## EXERCISE DESCRIPTION
After locating the line with "machinery for export" in the entries below, output it and each following line up to and including the line with "inter quartier positives.", exactly and without pictures.

## RECORDS PROVIDED
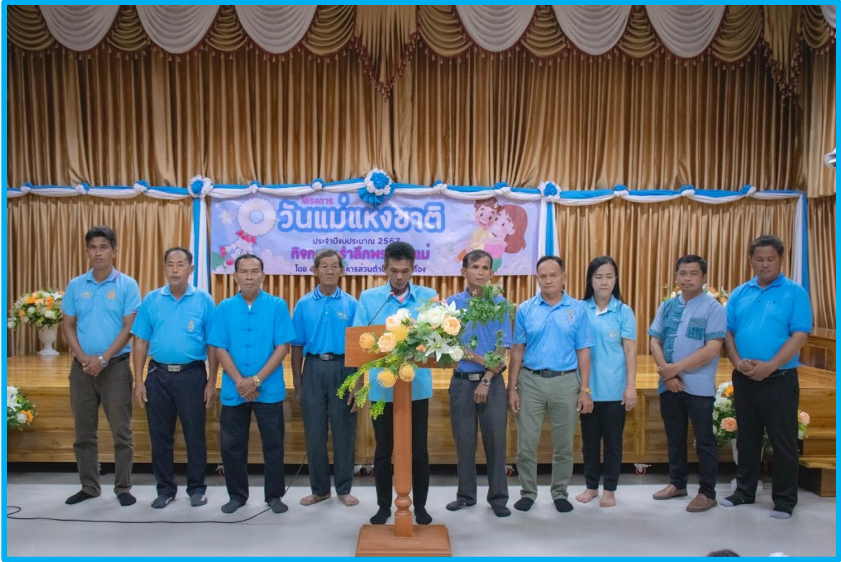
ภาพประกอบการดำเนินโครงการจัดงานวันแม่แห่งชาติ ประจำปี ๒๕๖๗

==

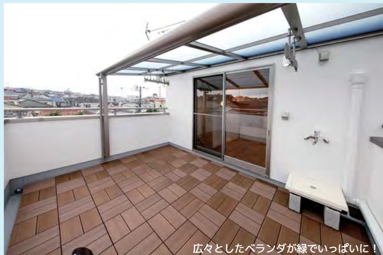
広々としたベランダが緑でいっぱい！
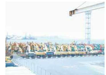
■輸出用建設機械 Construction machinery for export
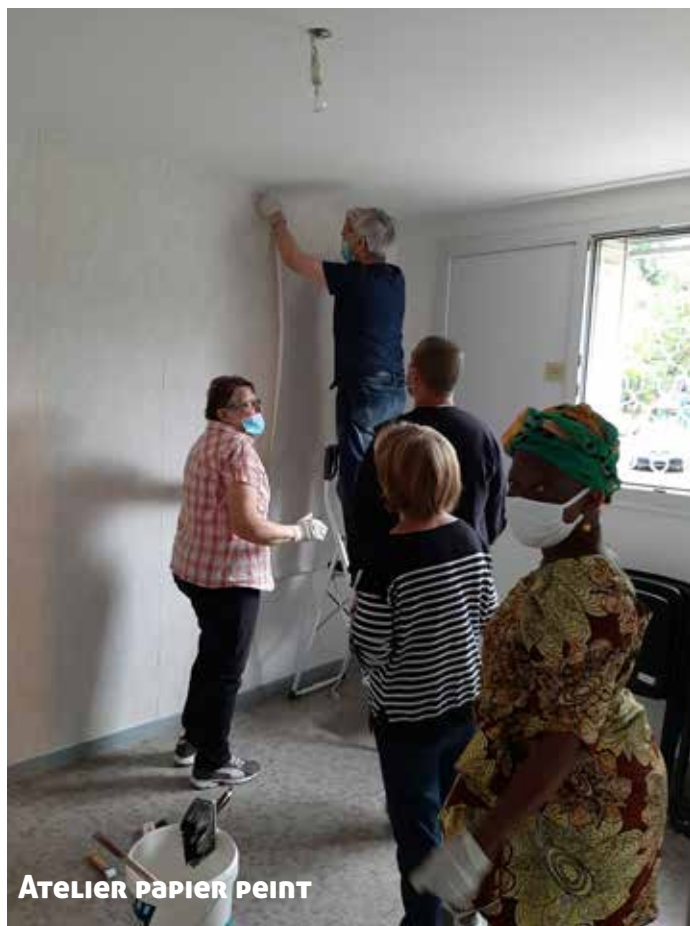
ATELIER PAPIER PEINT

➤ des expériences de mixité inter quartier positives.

--

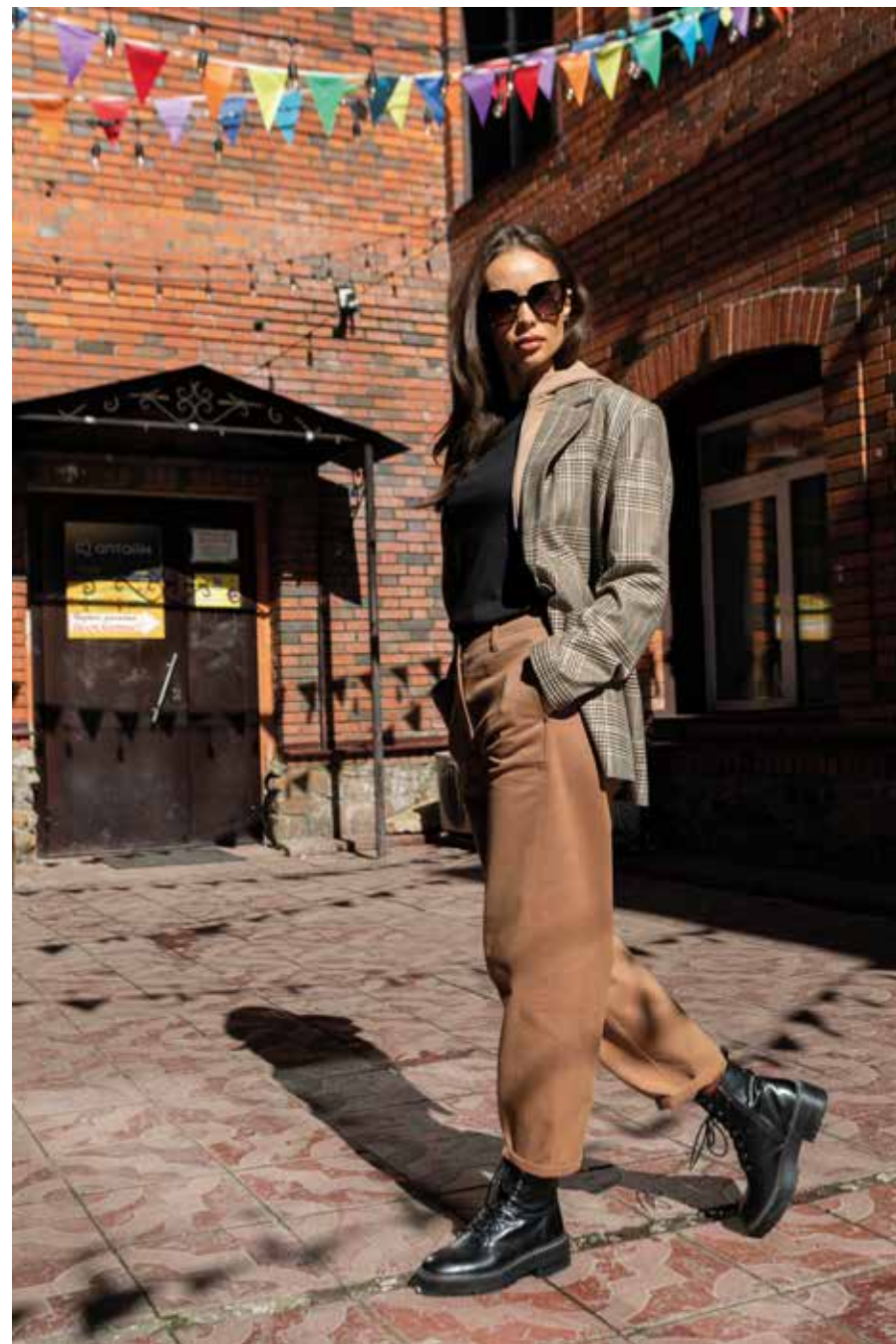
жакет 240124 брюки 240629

## YOUR RESPONSE
■輸出用建設機械 Construction machinery for export
ATELIER PAPIER PEINT

➤ des expériences de mixité inter quartier positives.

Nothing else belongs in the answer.